Se me persuado de que esta vida não tem outra face que não seja a do absurdo, se sinto que todo o seu equilíbrio depende dessa perpétua oposição entre a minha revolta consciente e a obscuridade onde ela se debate, se admito que a minha liberdade não tem sentido a não ser em relação ao seu destino limitado, então devo dizer que o que conta não é viver melhor mas viver mais.

 

O Homem Absurdo

 

O que é, com efeito, o homem absurdo? Aquele que, sem o negar, nada faz pelo eterno. Não que a nostalgia lhe seja estranha. Mar prefere-lhe a sua coragem e o seu raciocínio. A primeira ensina-o a viver sem apelo e a bastar-se com aquilo que tem, o segundo instrui-o acerca dos seus limites.

 

Não se trata aqui de dissertar sobre a moral. Já vi muitas pessoas agirem mal com muita moral e todos os dias constato que a honestidade não precisa de regras.

 

«Tudo é permitido», exclama Ivan Karamazov.

A certeza de um Deus que daria o seu sentido à vida ultrapassa muito em atractivos o poder impune de fazer o mal. A escolha não seria difícil. Mas não há escolha e começa então a amargura. O absurdo não liberta, amarra. Não autoriza todos os actos. Esse «tudo é permitido» não significa que coisa alguma seja proibida. O absurdo dá somente a sua equivalência às consequências desses actos.

 

Um espírito penetrado de absurdo julga tão-só que essas consequências devem ser consideradas com serenidade.

 

O único pensamento que não é enganador é, portanto, um pensamento estéril. No mundo absurdo, o valor de uma noção ou de uma vida mede-se pela sua infecundidade.

 

O Donjuanismo

 

Quanto mais amamos mais o absurdo se consolida.

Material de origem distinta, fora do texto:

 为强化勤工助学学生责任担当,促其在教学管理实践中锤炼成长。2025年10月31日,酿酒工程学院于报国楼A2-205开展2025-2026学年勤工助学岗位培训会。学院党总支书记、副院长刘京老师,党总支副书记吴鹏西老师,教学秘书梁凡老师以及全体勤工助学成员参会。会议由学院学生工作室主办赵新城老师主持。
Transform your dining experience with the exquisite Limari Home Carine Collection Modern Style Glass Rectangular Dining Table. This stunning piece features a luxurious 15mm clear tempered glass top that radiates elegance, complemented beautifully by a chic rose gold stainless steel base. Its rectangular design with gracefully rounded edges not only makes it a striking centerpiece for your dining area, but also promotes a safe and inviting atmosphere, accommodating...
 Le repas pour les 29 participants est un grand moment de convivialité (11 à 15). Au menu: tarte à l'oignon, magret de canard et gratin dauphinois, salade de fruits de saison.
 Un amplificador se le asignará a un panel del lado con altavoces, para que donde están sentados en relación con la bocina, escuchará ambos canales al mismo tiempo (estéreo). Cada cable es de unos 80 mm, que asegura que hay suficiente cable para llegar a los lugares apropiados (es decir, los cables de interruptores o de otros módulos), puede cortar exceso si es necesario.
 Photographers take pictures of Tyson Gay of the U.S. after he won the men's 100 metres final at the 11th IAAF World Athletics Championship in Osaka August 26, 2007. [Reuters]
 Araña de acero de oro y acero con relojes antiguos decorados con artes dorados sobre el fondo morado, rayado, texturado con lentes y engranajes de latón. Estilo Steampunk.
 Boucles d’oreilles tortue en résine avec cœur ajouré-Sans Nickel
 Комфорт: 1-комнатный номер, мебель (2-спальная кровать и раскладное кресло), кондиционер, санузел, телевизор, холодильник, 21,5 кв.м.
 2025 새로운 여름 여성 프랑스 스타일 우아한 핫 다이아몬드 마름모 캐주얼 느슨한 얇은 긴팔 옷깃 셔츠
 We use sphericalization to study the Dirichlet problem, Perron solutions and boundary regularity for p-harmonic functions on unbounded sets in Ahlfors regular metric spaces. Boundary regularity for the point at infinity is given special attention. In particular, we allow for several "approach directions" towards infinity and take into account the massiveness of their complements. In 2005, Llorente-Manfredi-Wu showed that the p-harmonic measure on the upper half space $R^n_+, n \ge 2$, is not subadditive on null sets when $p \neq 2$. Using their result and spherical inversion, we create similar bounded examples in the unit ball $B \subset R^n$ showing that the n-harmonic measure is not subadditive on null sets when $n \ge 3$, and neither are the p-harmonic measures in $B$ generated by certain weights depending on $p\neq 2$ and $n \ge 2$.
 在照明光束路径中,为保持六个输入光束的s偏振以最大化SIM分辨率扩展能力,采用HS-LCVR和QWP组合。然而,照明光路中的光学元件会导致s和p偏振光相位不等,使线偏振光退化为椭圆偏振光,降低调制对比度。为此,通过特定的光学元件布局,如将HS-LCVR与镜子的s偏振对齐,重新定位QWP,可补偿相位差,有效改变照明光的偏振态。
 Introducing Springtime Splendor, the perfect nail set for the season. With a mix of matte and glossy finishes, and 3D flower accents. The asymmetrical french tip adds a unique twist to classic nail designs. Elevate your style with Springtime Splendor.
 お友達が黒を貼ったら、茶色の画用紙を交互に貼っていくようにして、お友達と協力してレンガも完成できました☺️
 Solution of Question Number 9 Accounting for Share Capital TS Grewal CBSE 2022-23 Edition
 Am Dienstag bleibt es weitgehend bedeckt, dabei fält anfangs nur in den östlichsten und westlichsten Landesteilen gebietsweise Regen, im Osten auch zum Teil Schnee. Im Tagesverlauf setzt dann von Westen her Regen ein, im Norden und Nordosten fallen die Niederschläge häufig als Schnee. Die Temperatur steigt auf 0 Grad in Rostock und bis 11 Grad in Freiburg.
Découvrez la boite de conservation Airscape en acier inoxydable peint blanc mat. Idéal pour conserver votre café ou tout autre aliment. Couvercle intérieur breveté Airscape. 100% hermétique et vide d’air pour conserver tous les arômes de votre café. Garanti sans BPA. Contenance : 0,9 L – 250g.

Porque seria necessário amar raramente para amar muito?

(…) os tristes têm duas razões para o ser: ignoram ou esperam. Don Juan sabe e não espera.

E é bem isso o génio: a inteligência conhece as suas fronteiras.

 

Esta vida satisfá-lo, nada é pior do que perdê-la. Esse louco é um grande sábio. Mas os homens que vivem de esperança dão-se mal neste universo onde a bondade cede o lugar à generosidade, a ternura ao silêncio viril, a convulsão à coragem solitária. E todos dizem: «Era um fraco, um idealista ou um santo».

 

Ele é um sedutor vulgar. Com uma pequena diferença, a de ser consciente. Por isso é que ele é absurdo.

 

Mas do amor só conheço essa miniatura de desejo, de ternura e de inteligência que se liga a determinado ser.

 

A comédia

 

«O espectáculo, diz Hamlet, eis a armadilha onde apanharei a consciência do rei» (…) É preciso agarrá-la em pleno voo, nesse momento inapreciável em que ela lança um olhar fugitivo sobre si própria.

 

A eternidade não é um jogo. Um espírito suficientemente insensato para lhe preferir uma comédia, perdeu a salvação. Entre «em toda a parte» e «sempre», não há compromisso. Daí que esse mester tão depreciado possa dar lugar a um conflito espiritual desmedido. «O que importa, diz Nietzsche, não é a vida eterna, é a eterna vivacidade».

 

Digo-vo-lo, amanhã sereis mobilizados. Isso é uma libertação, tanto para vós como para mim. O indivíduo não pode nada e, no entanto, pode tudo. Nessa maravilhosa disponibilidade compreende-se por que razão eu o exalto e o esmago ao mesmo tempo. É o mundo que o tritura e sou eu que o liberto. Forneço-lhe todos os seus direitos.

 

Sim, o homem é o seu próprio fim. E é o seu único fim. Se quiser alguma coisa, tem de ser nesta vida.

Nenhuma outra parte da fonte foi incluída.